### Problem details:
Only the pictures are to be left out; return the rest of the data exactly as it stands.

* * *

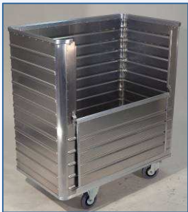
Transportwagen D 3508/1050 B mit Frontklappe geöffnet
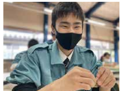
アワビの標識付け
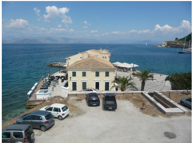
Her ser vi ned mot bygningene ved Faliraki.
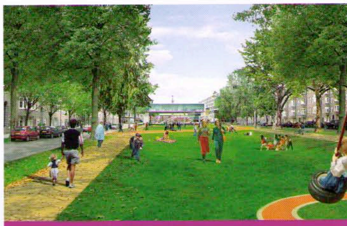
Het Van Tuyl van Serooskerkenpark volgens het plan van OMA
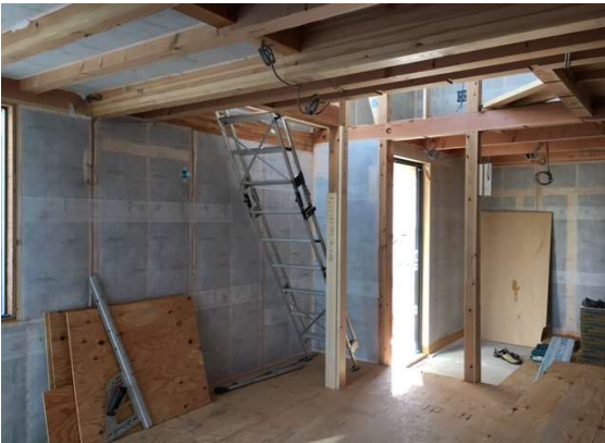
1階 断熱施工完了状況
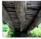
Foto. 28. Baltacılar Köprüsü tabliye altı
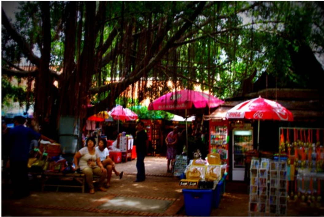
ワット・プラ・マハタートの売店。
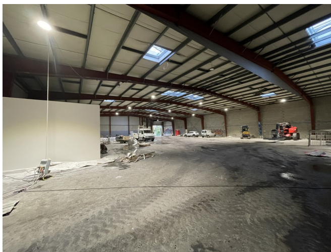
Hangars en cours de réhabilitation
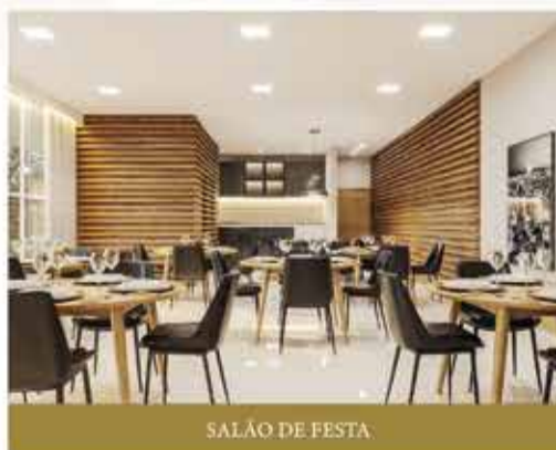
SALÃO DE FESTA

* * *

### Output below:
Transportwagen D 3508/1050 B mit Frontklappe geöffnet
アワビの標識付け
Her ser vi ned mot bygningene ved Faliraki.
Het Van Tuyl van Serooskerkenpark volgens het plan van OMA
1階 断熱施工完了状況
Foto. 28. Baltacılar Köprüsü tabliye altı
ワット・プラ・マハタートの売店。
Hangars en cours de réhabilitation
SALÃO DE FESTA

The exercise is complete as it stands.